血が抜けて体温が下がった熊の体から、憑いていたダニがポロポロと落ちて逃げ出し始める。
うう、いつ見ても気持ち悪いなぁ。アレなんて一センチくらいあるよ? 見ているだけで体が痒くなる。
血が抜けきるまですることのないデイジーが、その落ちたダニを両手棍の先でプチプチと潰している……楽しい? 後でちゃんと洗っておくようにね?
「すげぇ……大爪熊が瞬殺だぜ」
「これが上級冒険者か……やべぇ、滅茶苦茶やべぇな。俺たちとは格が違うぜ」
ツアー参加者の皆さんにも満足いただけたようだ。
でも、格が違うなんて言って萎縮されるのは困る。君たちにもこのくらいはできるようになって貰わないといけないんだからね。

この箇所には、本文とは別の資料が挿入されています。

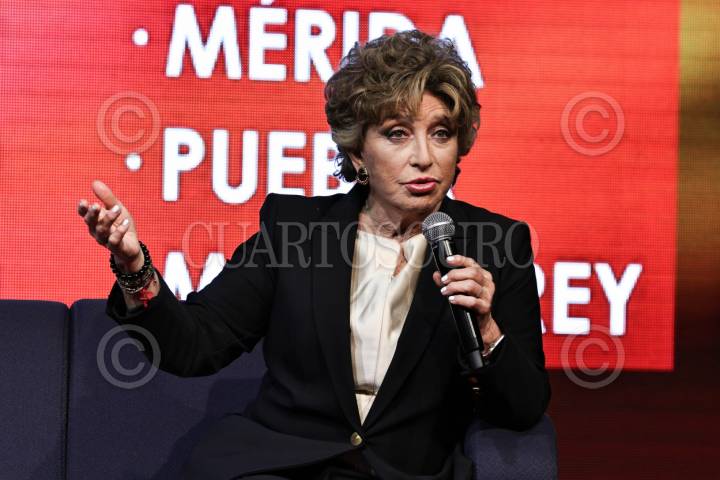 CIUDAD DE MÉXICO, 21ABRIL2026.- La directora ejecutiva de Amnistía Internacional México, Edith Olivares Ferreto, y la periodista Carmen Aristegui, encabezaron la presentación del informe ‘La situación de los derechos humanos en el mundo 2025/26’, en su capítulo México realizado por Amnistía Internacional, en este documento se incluye un balance sobre el primer año de gobierno de la presidenta Claudia Sheinbaum. La cita fue Casa Creatura. FOTO: CUARTOSCURO.COM

そうじゃないと、拠点を開放した意味がない。ガンガン大森林を探索して魔物を狩って、領にお金を落としてもらわないと。
「今回は僕たちで対処したけど、次からは希望者にも参加してもらうからね。大丈夫、ちゃんと補助するから」
俺がそう言うと、参加者からは『えぇ?』と『おぉ!』が半々くらいの割合で聞こえてきた。
まぁ、半分でもやる気のある人がいるなら御の字かな? ゼロじゃなけりゃ次に繋がるさ。きっと。